Now imagine running many copies of this trial. Sometimes you get unlucky patients, and so you don’t notice any statistically significant improvement from your drug. Sometimes your patients are exactly average, and the treatment group has their symptoms reduced by \(20\)% – but you don’t have enough data to call this a statistically significant increase, so you ignore it. Sometimes the patients are lucky and have their symptoms reduced by much more than \(20\)%, and so you stop the trial and say “Look! It works!”
You’ve correctly concluded that your medication is effective, but you’ve inflated the size of its effect. You falsely believe it is much more effective than it really is.

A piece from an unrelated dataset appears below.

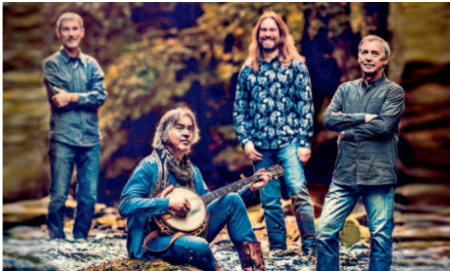
Bratři Malinové představí v M-klubu i písně z nového alba V peřejích .

Malina Brothers přivezou do Mýta nové album a oslaví 15 let.

This effect occurs in pharmacological trials, epidemiological studies, gene association studies (“gene A causes condition B”), psychological studies, and in some of the most-cited papers in the medical literature.30, 32 In fields where trials can be conducted quickly by many independent researchers (such as gene association studies), the earliest published results are often wildly contradictory, because small trials and a demand for statistical significance cause only the most extreme results to be published.33
As a bonus, truth inflation can combine forces with early stopping rules. If most drugs in clinical trials are not quite so effective to warrant stopping the trial early, then many trials stopped early will be the result of lucky patients, not brilliant drugs – and by stopping the trial we have deprived ourselves of the extra data needed to tell the difference. Reviews have compared trials stopped early with other studies addressing the same question which did not stop early; in most cases, the trials stopped early exaggerated the effects of their tested treatments by an average of \(29\)%.3
Of course, we do not know The Truth about any drug being studied, so we cannot tell if a particular study stopped early due to luck or a particularly good drug. Many studies do not even publish the original intended sample size or the stopping rule which was used to justify terminating the study.43 A trial’s early stoppage is not automatic evidence that its results are biased, but it is a suggestive detail.